Would I like dating me?
My answer these days is a shy, “not everyday🙃” – and we’re talking married in my case! While there are glimmers of the best version of me showing up in life and my relationship, I haven’t been my aligned self quite as consistently.
That being said, by asking myself some of the powerful questions I offer you below, I’ve been able to shift this- and fast.
We’re quick to point out what our partners aren’t doing right; we’re not quite as generous with our own self reflection – like, how am I doing as a partner?
Looking at yourself from the outside in can be scary to say the least. It may reveal a whole muddle puddle of crazy – and a whole lot of beauty, too.
Being honest about how you’re showing up in your relationships will undoubtedly reveal some of your shit. Like potentially where you need to upgrade and how you need to find your way back to the person your partner first loved.
This kind of honest self reflection is an important step in repairing, shifting and transforming your relationship. I wrote about this in a similar article, Taking Accountability in Your Relationships – this is simply a different way of saying the same thing: it’s time to pull up your boot straps and own yo sh*t.
Here are some questions to help get you started:
Which do you do more of – appreciate or criticize your partner?
Are you pleasant to be around?
Do you spend most of your time in a peaceful, joyful state – or a stressed out one?
Do you know how your partner likes to be loved (physical touch, words of affection, favours, etc)?
Do you love your partner the way they want to be loved – or the way you think they should want to be loved?
Are your expectations higher of your partner than they are of yourself?
Are you choosing love more often than (fill in the blank)?
These aren’t easy questions to ask – or answer.
But the more honest you are in your answers, the more progress you’ll make in being a better partner and inspiring and accepting nothing but great love.

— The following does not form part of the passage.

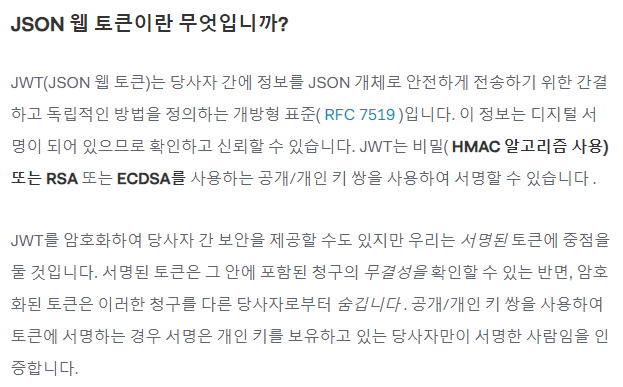 JWT(Jason Web Token)란? 클레임이라고 불리는 정보를 JSON형태로 안전하게 전송하기 위한 토큰 기반의 표준. 인증과 정보교환에 사용됨. 서명이 되어 있어서 신뢰성을 확보할 수 있다.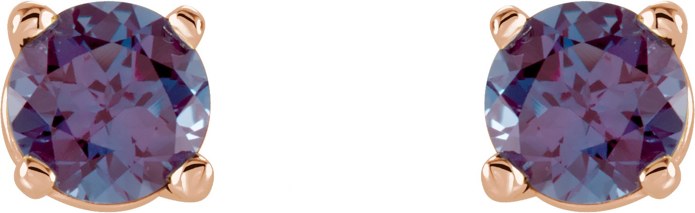 14K Rose 4 mm Round Chatham Created Alexandrite Earrings

Because the only person you have any control over in your relationship, is your self.
Our problems with others can so often be fixed by solving our own. But we neglect this simple solution and fixate on the things we wish we could change about others – which hardly gets us anywhere but seemingly feels much easier to do.
When you find yourself in a rut complaining about your partner, stop and ask yourself – would I like dating me?